_Work required_
Nothing but the text of the listing, repeated exactly, belongs in the answer; leave the images out.

_Collected data_
####
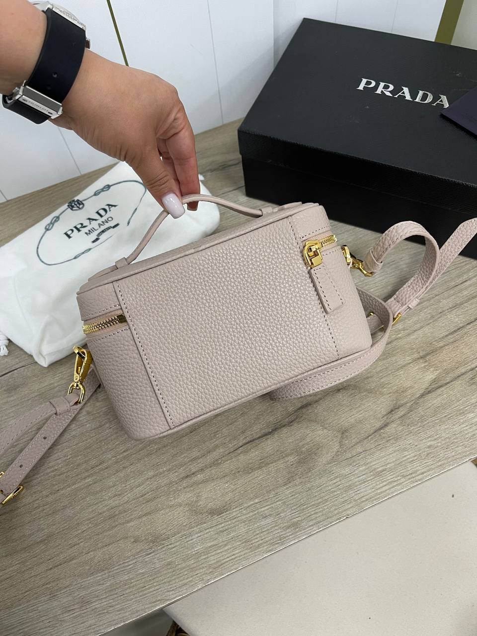 Каждая деталь этой сумки продумана до мелочей. Элегантные линии и лаконичный дизайн делают ее универсальной: ее можно носить как на торжественные мероприятия, так и в повседневной жизни. Женская сумка 19 см Prada премиум BP-33918 станет верной спутницей для деловых встреч, романтических свиданий или прогулок по городу. Благодаря своему размеру, она достаточно компактна, чтобы не мешать, и в то же время вмещает все необходимые вещи, что делает ее идеальным выбором для современных женщин, стремящихся к комфорту и стилю.
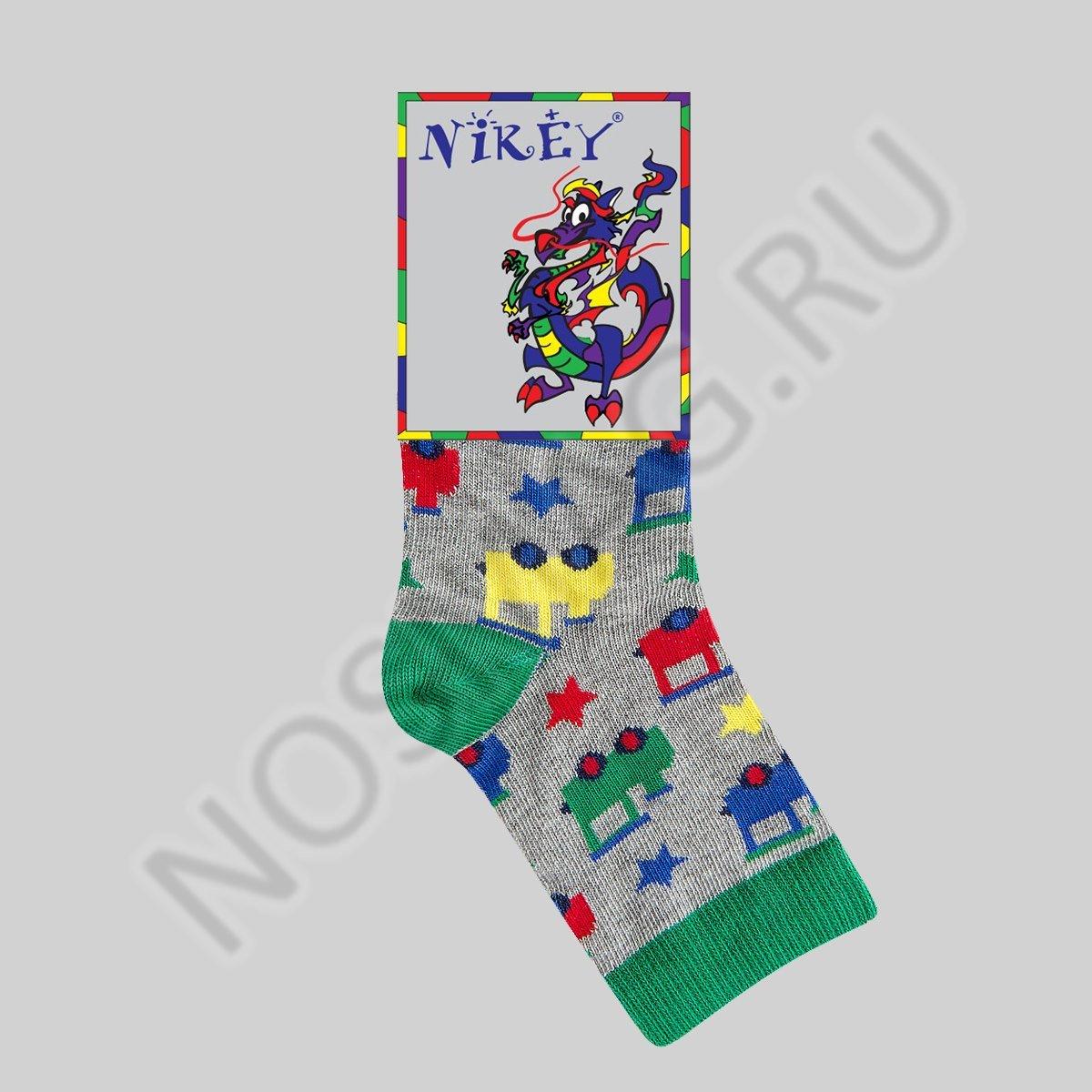 Стильные носки для мальчиков. Модель выполнена в сочетании меланжевого серого и однотонного зелёного цветов. Носки декорированы принтом с разнообразными машинами.
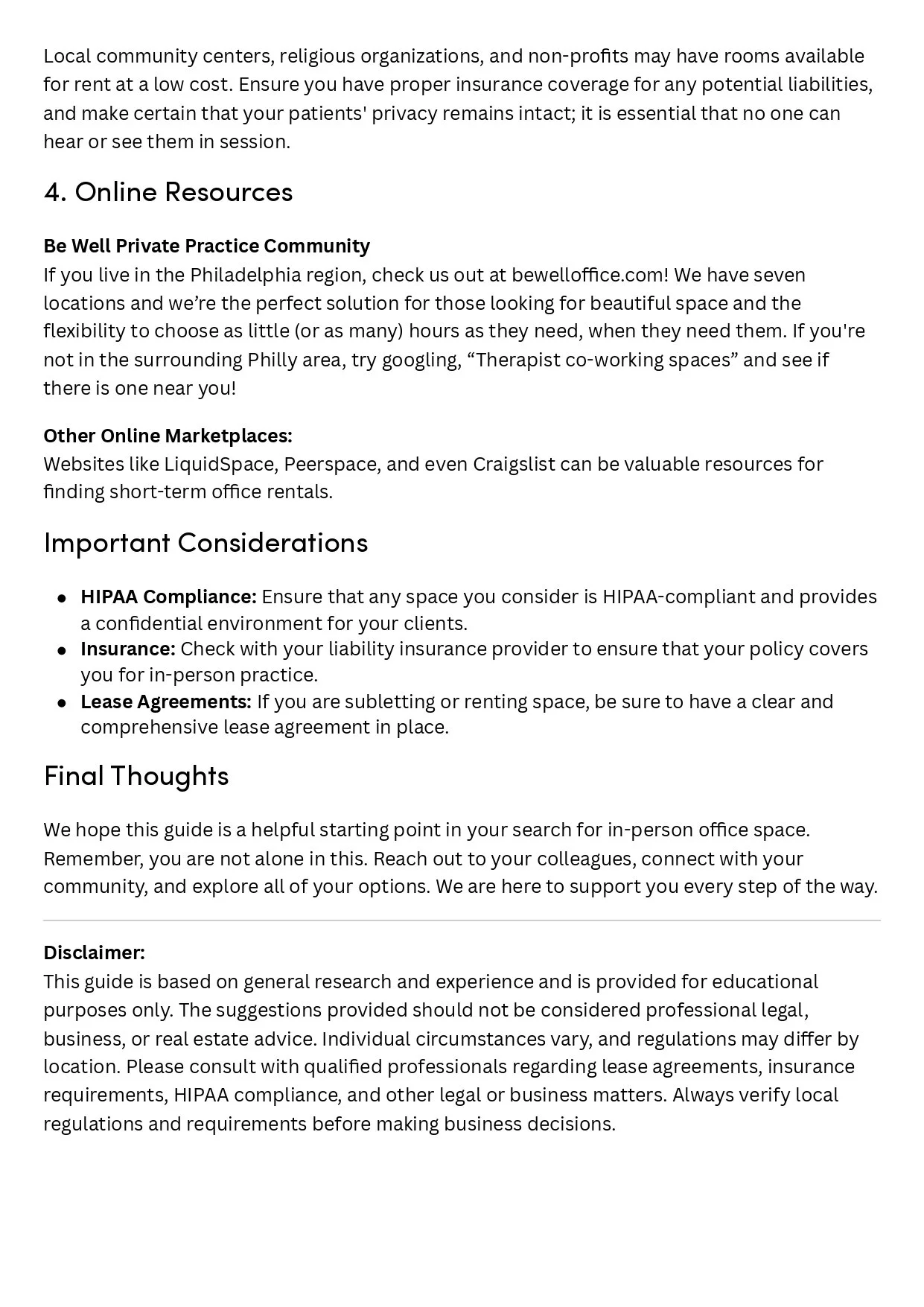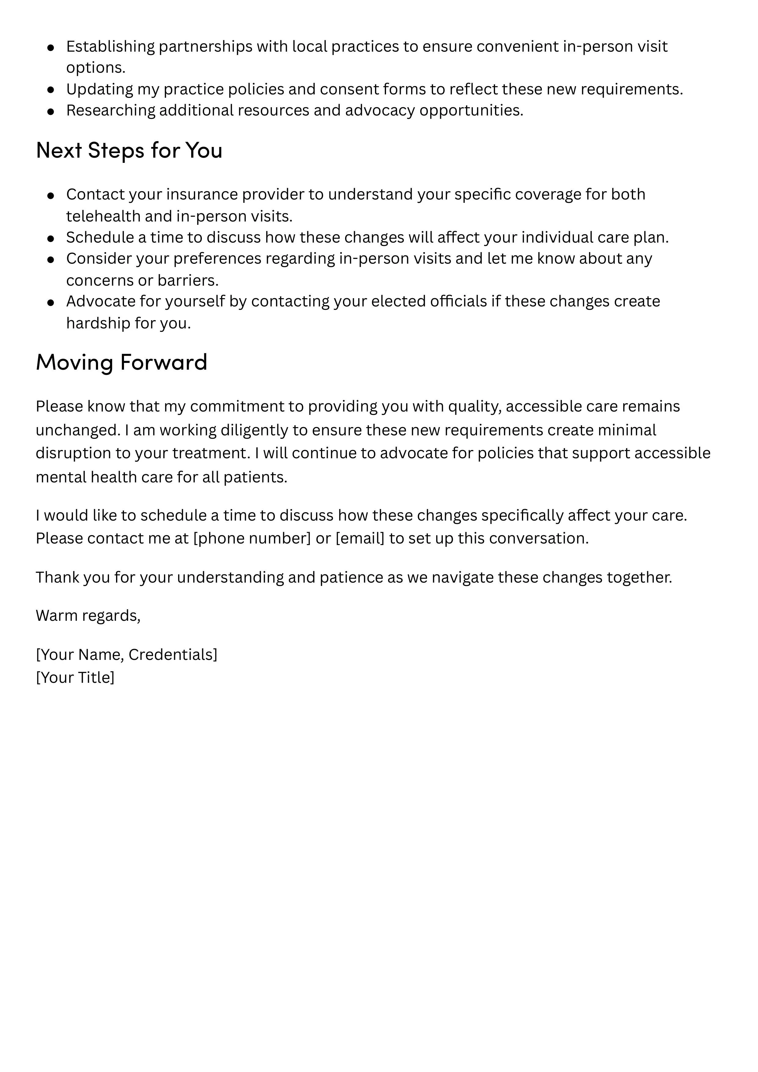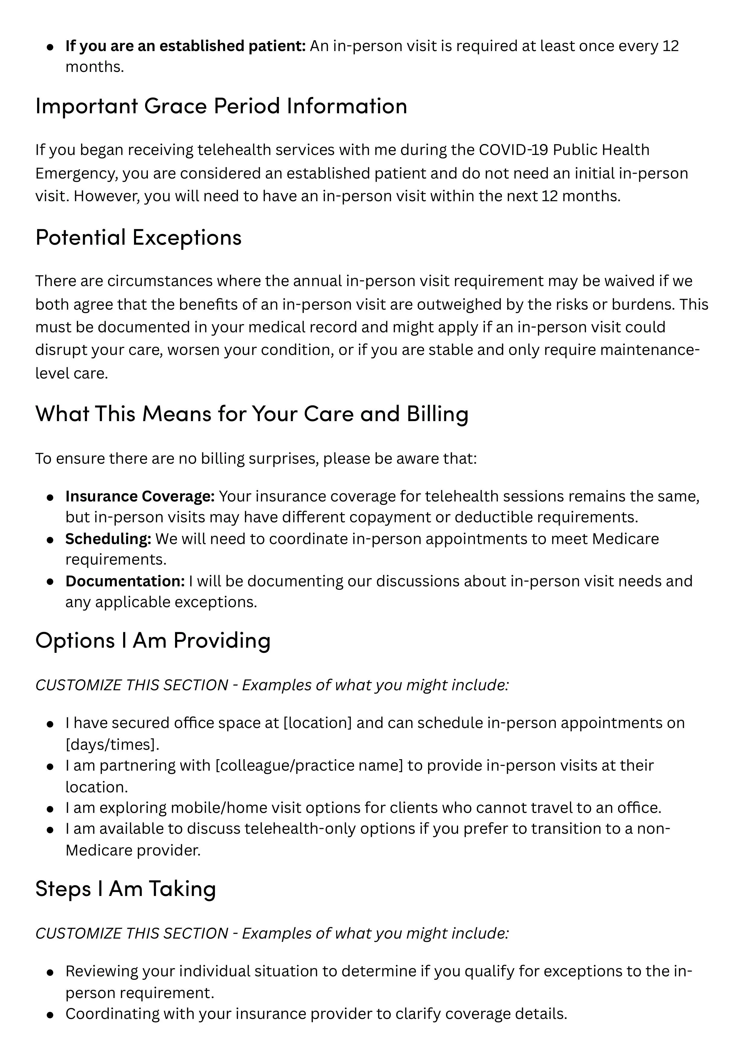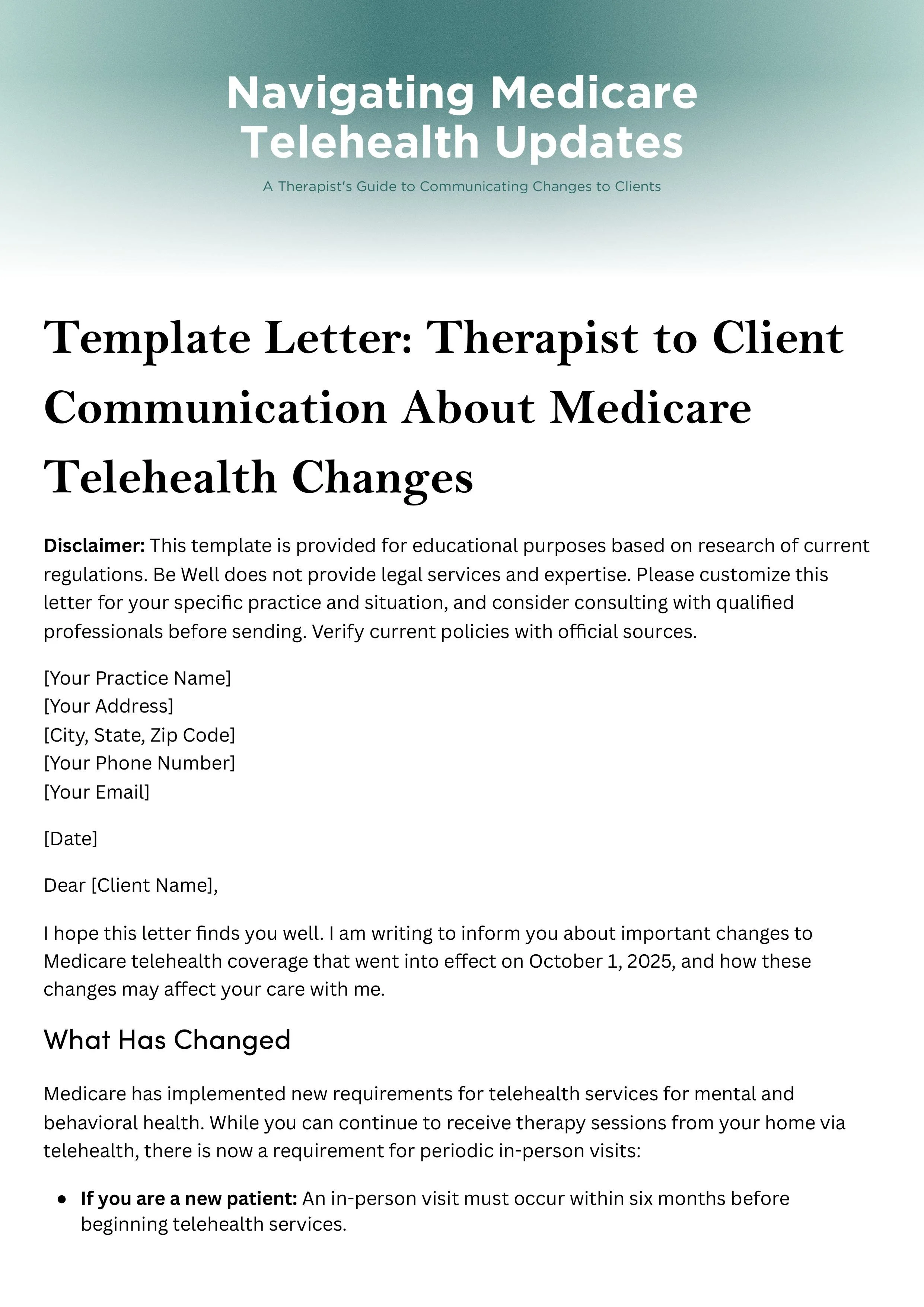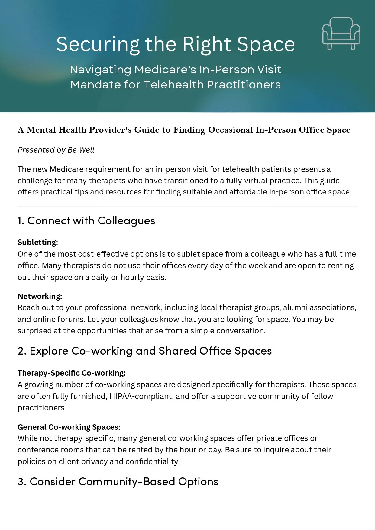 Navigating the New Medicare Telehealth Rules: Resources for Therapists Medicare Telehealth Fact Sheet A Therapist's Guide to Finding In-Person Office Space Template Letter for Client Communication
####
_Task solution_
 Каждая деталь этой сумки продумана до мелочей. Элегантные линии и лаконичный дизайн делают ее универсальной: ее можно носить как на торжественные мероприятия, так и в повседневной жизни. Женская сумка 19 см Prada премиум BP-33918 станет верной спутницей для деловых встреч, романтических свиданий или прогулок по городу. Благодаря своему размеру, она достаточно компактна, чтобы не мешать, и в то же время вмещает все необходимые вещи, что делает ее идеальным выбором для современных женщин, стремящихся к комфорту и стилю.
 Стильные носки для мальчиков. Модель выполнена в сочетании меланжевого серого и однотонного зелёного цветов. Носки декорированы принтом с разнообразными машинами.
 Navigating the New Medicare Telehealth Rules: Resources for Therapists Medicare Telehealth Fact Sheet A Therapist's Guide to Finding In-Person Office Space Template Letter for Client Communication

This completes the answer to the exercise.